**WORK ITEM:** Please copy the lines below, exactly as they are, from the one with "시행사 입장에서 무엇보다" through the one with "The Optima Goldbrokat", and leave out the pictures.

**GIVEN DATA:**
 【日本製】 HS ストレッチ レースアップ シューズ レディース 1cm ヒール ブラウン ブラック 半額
==
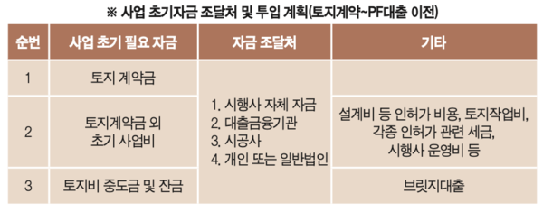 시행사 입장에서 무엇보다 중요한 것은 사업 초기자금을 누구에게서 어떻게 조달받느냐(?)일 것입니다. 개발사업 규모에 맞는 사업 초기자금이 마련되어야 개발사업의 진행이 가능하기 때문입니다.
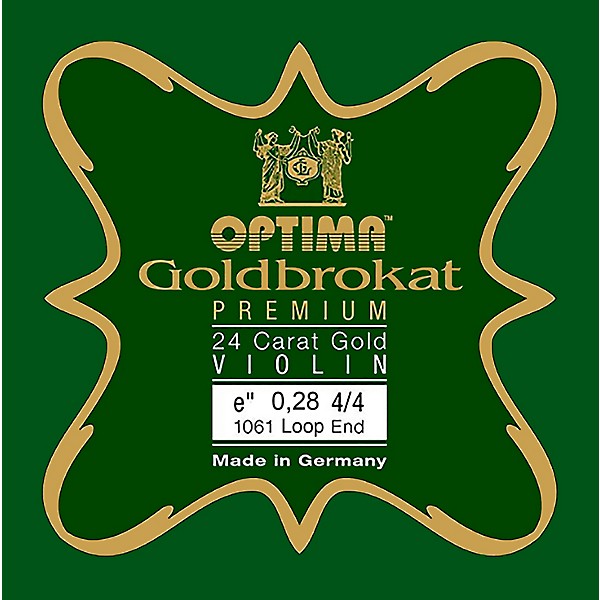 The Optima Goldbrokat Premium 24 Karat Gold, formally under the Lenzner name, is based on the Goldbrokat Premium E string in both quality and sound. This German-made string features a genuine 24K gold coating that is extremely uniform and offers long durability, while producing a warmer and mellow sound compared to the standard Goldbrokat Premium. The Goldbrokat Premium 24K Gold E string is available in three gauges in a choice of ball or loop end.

**SOLUTION TO THIS TASK:**
 시행사 입장에서 무엇보다 중요한 것은 사업 초기자금을 누구에게서 어떻게 조달받느냐(?)일 것입니다. 개발사업 규모에 맞는 사업 초기자금이 마련되어야 개발사업의 진행이 가능하기 때문입니다.
 The Optima Goldbrokat Premium 24 Karat Gold, formally under the Lenzner name, is based on the Goldbrokat Premium E string in both quality and sound. This German-made string features a genuine 24K gold coating that is extremely uniform and offers long durability, while producing a warmer and mellow sound compared to the standard Goldbrokat Premium. The Goldbrokat Premium 24K Gold E string is available in three gauges in a choice of ball or loop end.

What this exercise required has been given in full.